Referring now to FIG. 3, probe 10 may further include a suction lumen 20 for aspirating excess fluids, bubbles, tissue fragments, and/or products of ablation from the target site. Suction lumen 20 extends through support member 14 to a distal opening 21, and extends through shaft 13 and handle 22 to an external connector 24 (see FIG. 2) for coupling to a vacuum source. Typically, the vacuum source is a standard hospital pump that provides suction pressure to connector 24 and suction lumen 20. Handle 22 defines an inner cavity 18 that houses electrical connections 26 and provides a suitable interface for electrical connection to power supply/controller 110 via an electrical connecting cable 122 (see FIG. 1).


In certain embodiments, active electrode 12 may comprise an active screen electrode 40. Screen electrode 40 may have a variety of different shapes, such as the shapes shown in FIGS. 4A and 4B. Electrical connectors (e.g., wire conductors) extend from connections 26 through shaft 13 to screen electrode 40 to electrically couple the active screen electrode 40 to the high frequency power supply 110 (see FIG. 1).


Screen electrode 40 may comprise a conductive material, such as tungsten, titanium, molybdenum, platinum, or the like. Screen electrode 40 may have a diameter in the range of about 0.5 to 8 mm, preferably about 1 to 4 mm, and a thickness of about 0.05 to about 2.5 mm, preferably about 0.1 to 1 mm.
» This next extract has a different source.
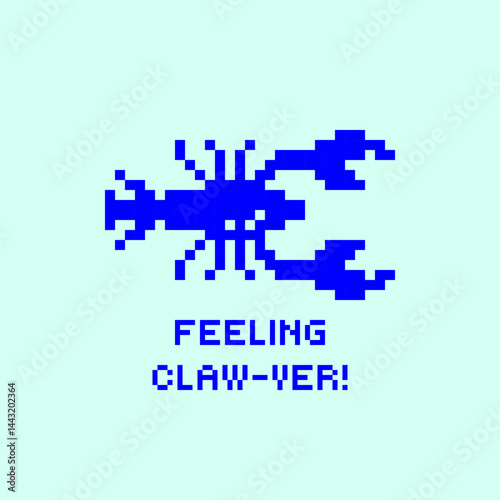 Pixel simple print with fun text Feeling clever. Wordplay. Lobster with Claws. Puzzle. Education vibe. Old school computer graphic style. Vector illustration. Blue color

Screen electrode 40 may comprise a plurality of apertures 42 configured to rest over the distal opening 21 of suction lumen 20. Apertures 42 are designed to allow for the passage of aspirated excess fluids, bubbles, and gases from the ablation site and are typically large enough to allow ablated tissue fragments to pass through into suction lumen 20. As shown, screen electrode 40 has a generally irregular shape which increases the edge to surface-area ratio of the screen electrode 40. A large edge to surface-area ratio increases the ability of screen electrode 40 to initiate and maintain a plasma layer in conductive fluid because the edges generate higher current densities, which a large surface area electrode tends to dissipate power into the conductive media. Additional electrode enhancements are discussed further herein.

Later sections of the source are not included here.